Sandra Lee
You can say that I’ve been searching for something true and pure my whole life. Something that wasn’t fake, fleeting, or “phony”, but something that was real, lasting, good, and beautiful.
That just sounded so cliché that I could barf. But it’s true; this was a serious endeavor of mine. The quest started some time in late middle school or early high school when I started to become cynical about everything. I grew tired by the world around me. There had to be something more worthwhile than popularity at school, making friends to climb the social ladder, fake smiles, ostracizing “uncool” people, joining clubs you couldn’t care less about just to look good on college applications, or learning useless facts just for a test.
So I tried to find this beauty in many places. I found solace in the uninhibited beauty of nature. In closer, more sincere friendships. But I knew

even those things weren’t ultimate. I was a very impressionable kid, and every wind of philosophy I heard seemed appealing. Being a skeptic, I didn’t trust anything except for my own reason and experiences. So in my mind, if we could never be certain about the future, the only motto to live by is carpe diem. It was the only philosophy that made sense. All I need to do is believe in myself and live up to my potential. I trusted only in myself and soon started to doubt the existence of God. I had been going to church since childhood, but finally one day during my junior year of high school, I decided that I didn't believe in God anymore. I tried living as an atheist for one week. It was one of the worst weeks of my life, because nothing made any sense. As much as I wanted to, I couldn't deny that God existed. It seemed intuitive to me that nature had a Creator and so did good things in the world such as love. Without a Creator, nothing made sense or had any meaning in the world. I soon gave up being an atheist, but I still had a lot of unanswered questions.
I cried the day I realized that the most beautiful thing I was looking for was with me all along, yet I’d been on this grand quest. It was so simple: Jesus dying on the cross for me. I had heard the same message at church since I was a child. But only then did it hit me that Jesus dying on the cross for my sin was the greatest example of unconditional love—love poured upon me that didn’t depend on who I was or what I did and never ceased with time. And that is something truly beautiful.
I also read the book of Romans which, to my astonishment, answered many of my questions.

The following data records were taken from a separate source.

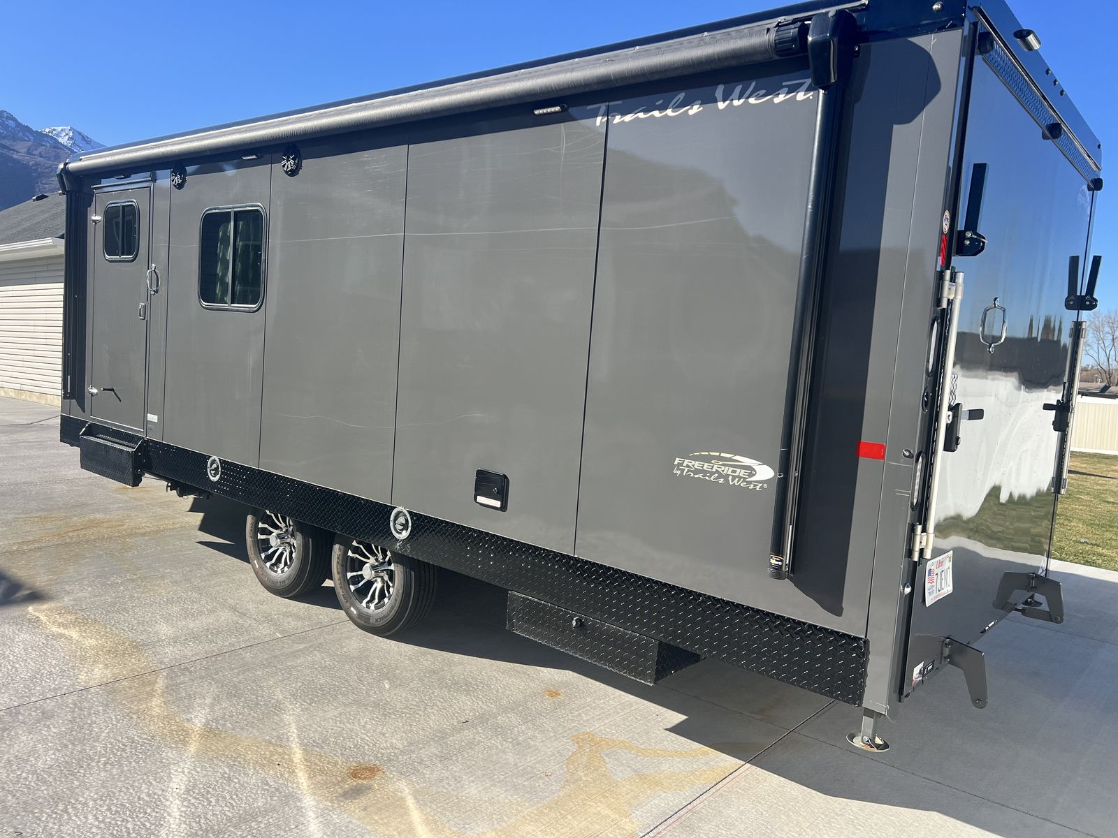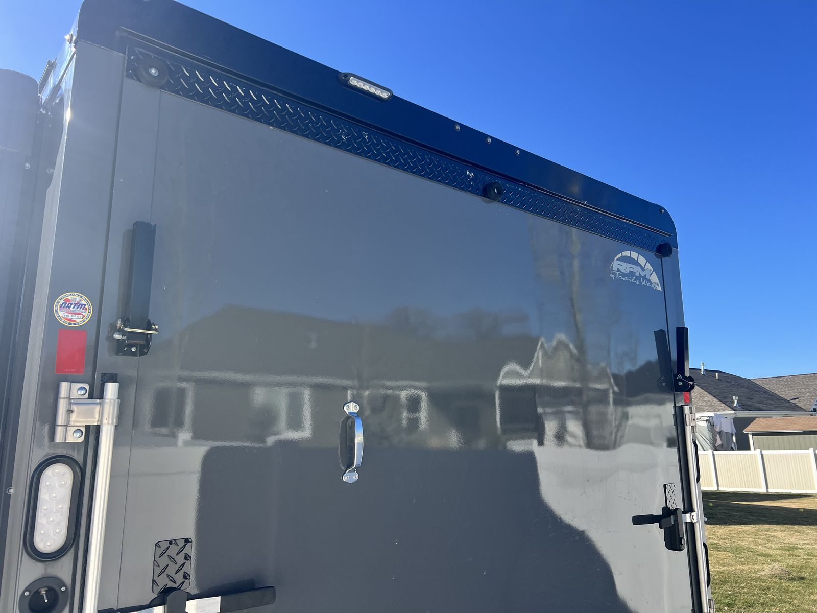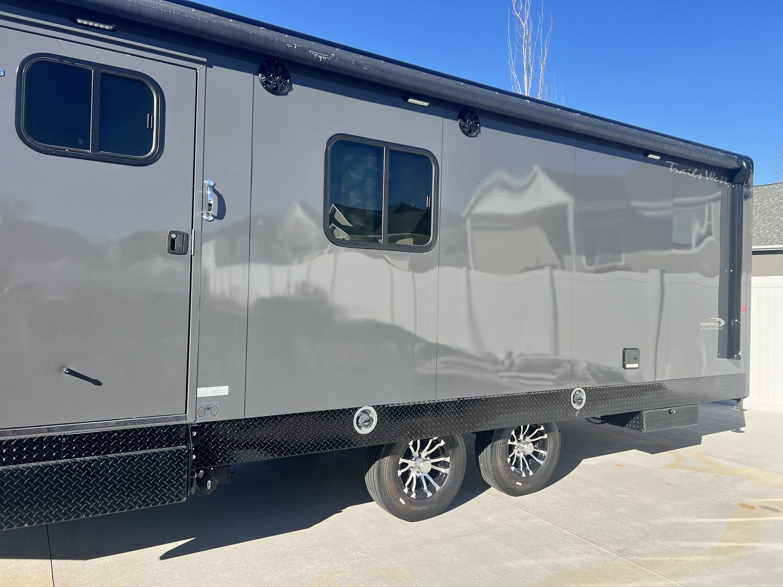 Loaded to the max! Dual AC units, 4 beds, 2 fuel tanks, dual awnings, exterior speakers, lighting, microwave, shower, toilet, fridge with freezer, locking rails on the floor etc. heater etc. works amazing for all sports including sleds. absolutely loaded with every option you can ad on a 28’ bumper pull. Fits my 4 seater pro r just fine. Title in hand.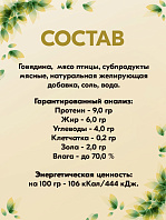 Говядина, мясо птицы, субпродукты мясные, натуральная желирующая добавка, соль, вода.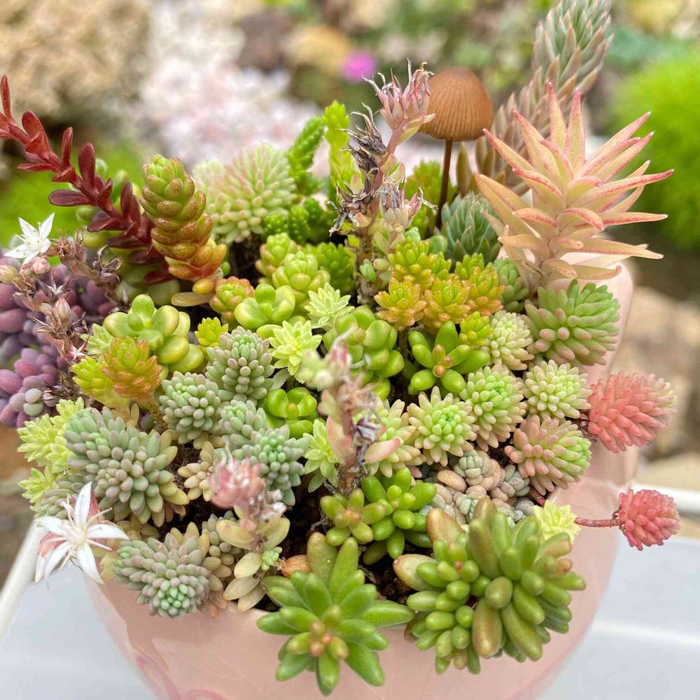 比べてみるとどちらも可愛いけど、私はこのパステルカラーのセダム寄せの色味も好きだわ💗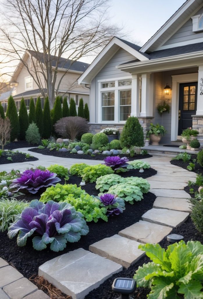 You can add color to your front yard with ornamental kale during chilly seasons. It stays vibrant even when temperatures drop. Place it in borders or as a focal point to brighten your space. It needs little care and handles cold weather well, making it great for winter interest.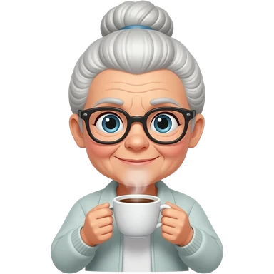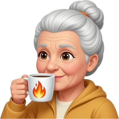 old women with bun and drink coffee with flame emoji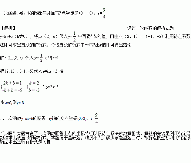 x的图象相交于点(2,a).求这个一次函数的图象与x轴的交点坐标及与坐标轴围成的三角形的面积。
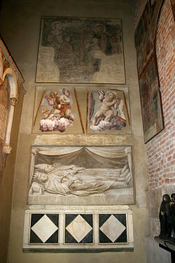 [[Datoteka:9703 - Milano - S. Ambrogio - Tesoro - Tomba di Bernardo & Anselmo I - Foto Giovanni Dall'Orto 25-Apr-2007.jpg|155px|mini|Freska koja prikazuje Bernarda i biskupa Milana. Crkva u [[Milano|Milanu]].]] | |||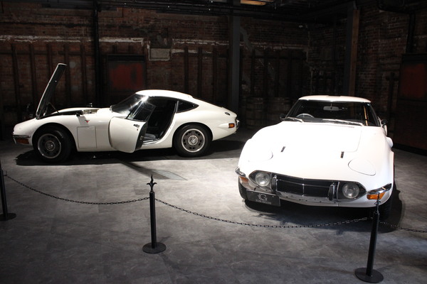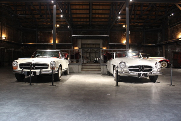 建物の中に白のクラシックカーが二台、展示されていて、一台はドアとボンネットが開いている写真 拡大画像 (JPEG: 60.9KB)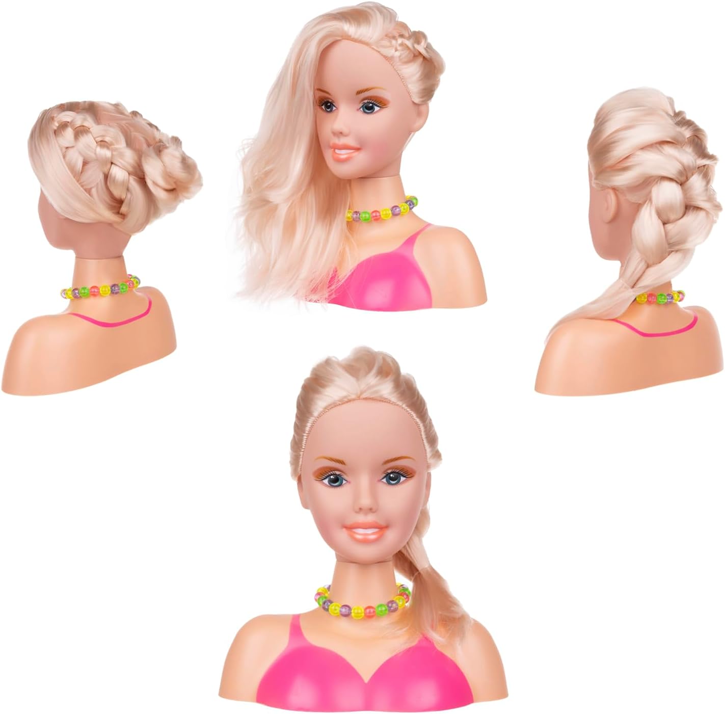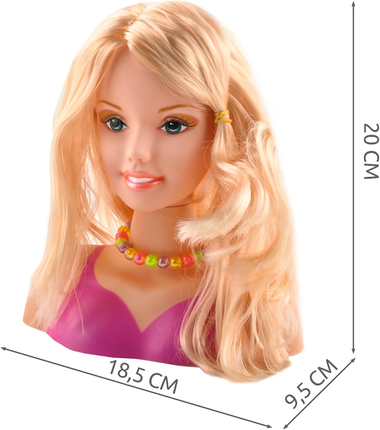 TANTE ACCONCIATURE– il set include un pettine, una fascia per capelli, una collana, fermagli colorati e ciocche colorate e attaccabili. Con questo set puoi creare tantissime acconciature alla moda, trecce coloratissime, code di cavallo, chignon. Non è solo un gioco creativo che sviluppa l'immaginazione, ma anche un allenamento ideale per le abilità manuali . MOLTE POSSIBILITÀ DIVERTENTI : giocare con la testa da styling sviluppa perfettamente creatività e immaginazione: è una possibilità pressoché illimitata di divertirsi nel proprio studio di bellezza. Ogni piccolo stilista e parrucchiere sarà felice di avere l'opportunità di sperimentare su una modella disponibile che non si lamenta di essere tirata mentre si pettina. TESTA ROTANTE - è una caratteristica funzionale che consente al bambino di manipolare la testa senza dover spostare l'intero prodotto. Questo rende il gioco molto più facile e divertente. Inoltre, la funzione di rotazione consente meglio al bambino di immedesimarsi nel ruolo di un vero Hair-Stylist VALORE EDUCATIVO - il prodotto non solo offre divertimento, ma ha anche valore educativo. Aiuta i bambini a sviluppare le loro capacità manuali e la creatività. SPECIFICHE – materiale: PVC, altro: fibra sintetica PP; certificati: CE, EN 71; testa rotante; dimensioni: 9,5 x 18,5 x 20 cm; peso del set: 0,241 kg; peso del set nella confezione: 0,379 kg. SPECIFICHE DEL KIT: materiale: PVC, altro: fibra sintetica PP certificati: CE, EN 71 testa rotante dimensioni: 9,5 x 18,5 x 20 cm peso impostato: 0,241 kg peso del set nella confezione: 0,379 kg INCLUSO: pettine 8 fermagli per capelli colorati 4 fili colorati attaccabili collana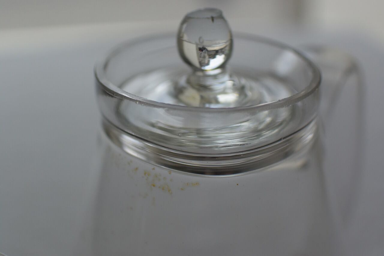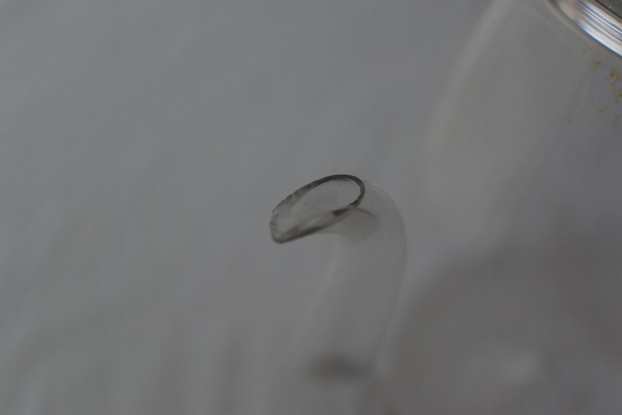 胴部にへこみがあります。これも古いガラス、吹きガラスの良さとして感じてくださる方に。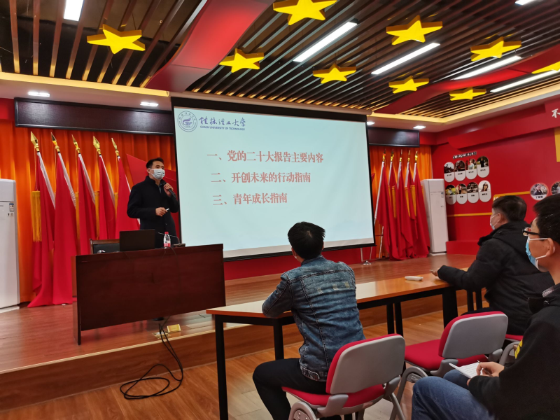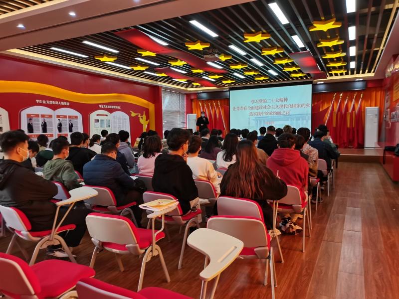 12月6日,英国上市公司365党委副书记唐承泽在党员活动中心为机械系第一、第三、第四党支部讲授“学习党的二十大精神,让青春在全面建设社会主义现代化强国的火热实践中绽放绚丽之花”主题党课。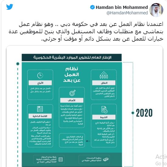 اعتمد ولي عهد دبي، رئيس المجلس التنفيذي، حمدان بن محمد بن راشد آل مكتوم، نظام العمل عن بعد في حكومة دبي.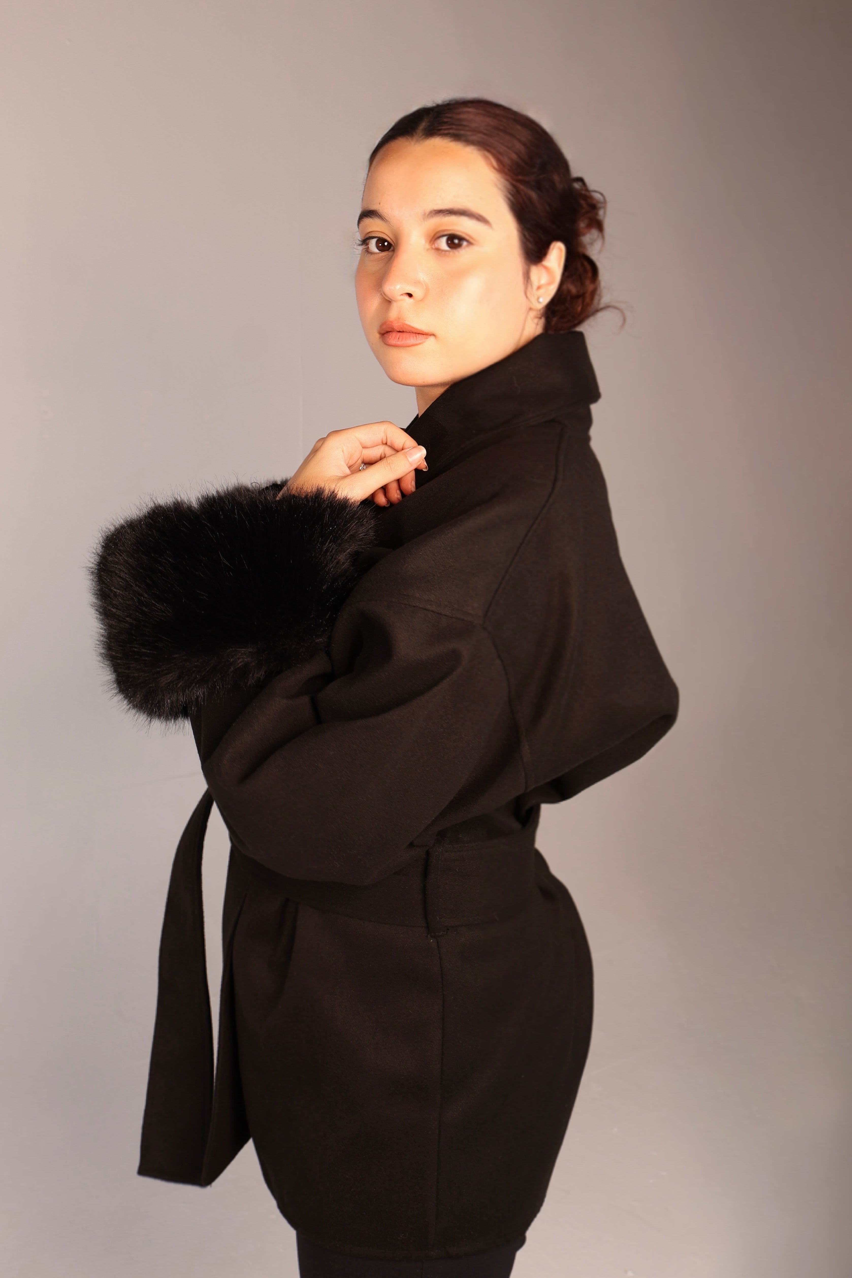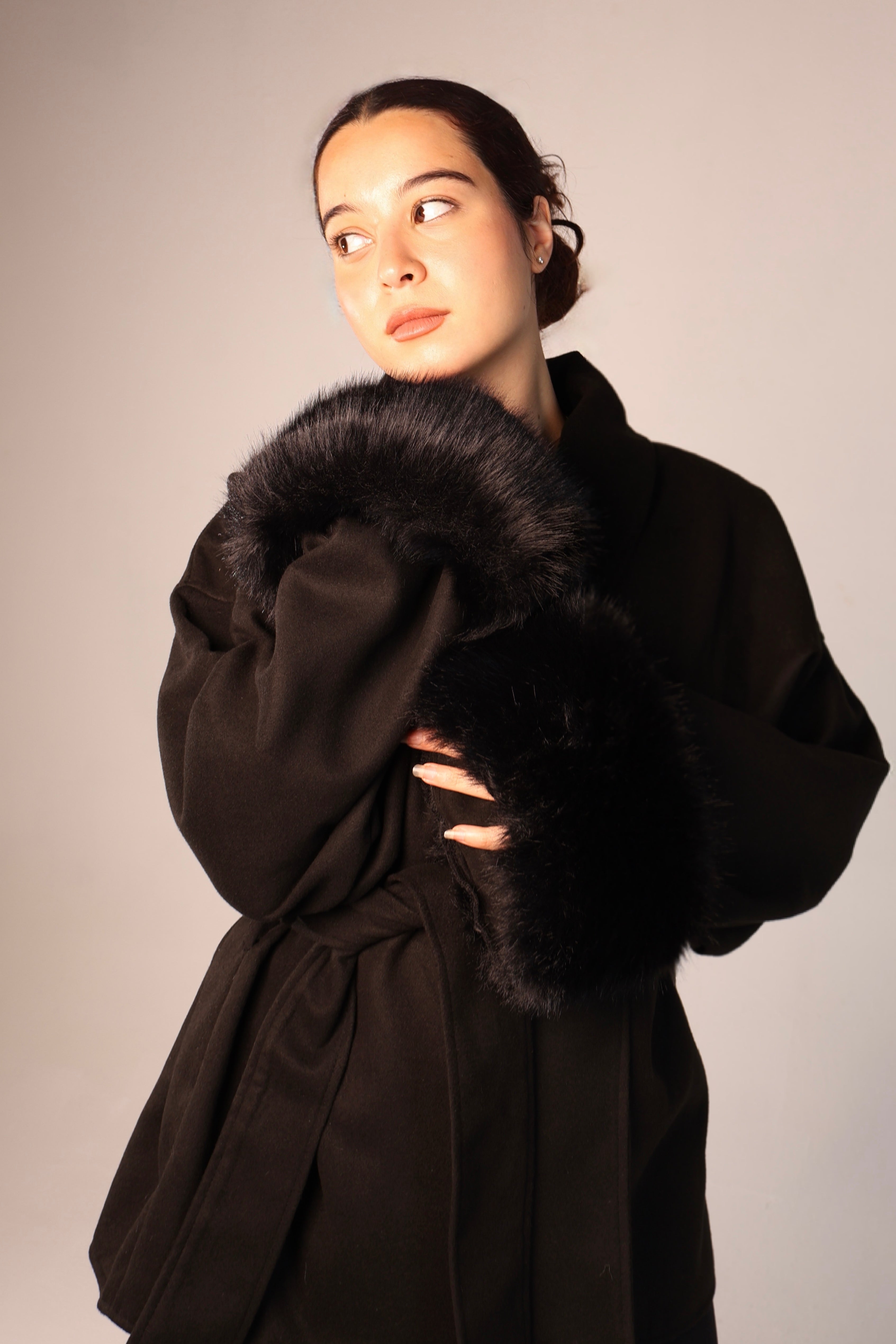 Cuffed Wrap Coat - Black

I didn’t find this beautiful thing by myself however. God found me. I had always prided myself in being "wise" in seeking truth and wisdom. But all my "wisdom" led me to carpe diem instead of what I considered the "foolish" story of Jesus dying on the Cross. 1 Corinthians 1:20-4 says,“Where is the wise man? Where is the scribe? Where is the debater of this age? Has not God made foolish the wisdom of the world? For since in the wisdom of God the world through its wisdom did not come to know God, God was well-pleased through the foolishness of the message preached to save those who believe. For indeed Jews ask for signs and Greeks search for wisdom; but we preach Christ crucified, to Jews a stumbling block and to Gentiles foolishness, but to those who are the called, both Jews and Greeks, Christ the power of God and the wisdom of God." And that’s how I got completely owned. Whatever inch of pride I had left was destroyed. I couldn’t even “find” my way to God or somehow use my own intellect to conjure up and understand the gospel. I don’t have a crazy life-turned-180 testimony, but I can tell you that God’s grace is powerful if he can save someone as rebellious, skeptical, and free-minded as I was.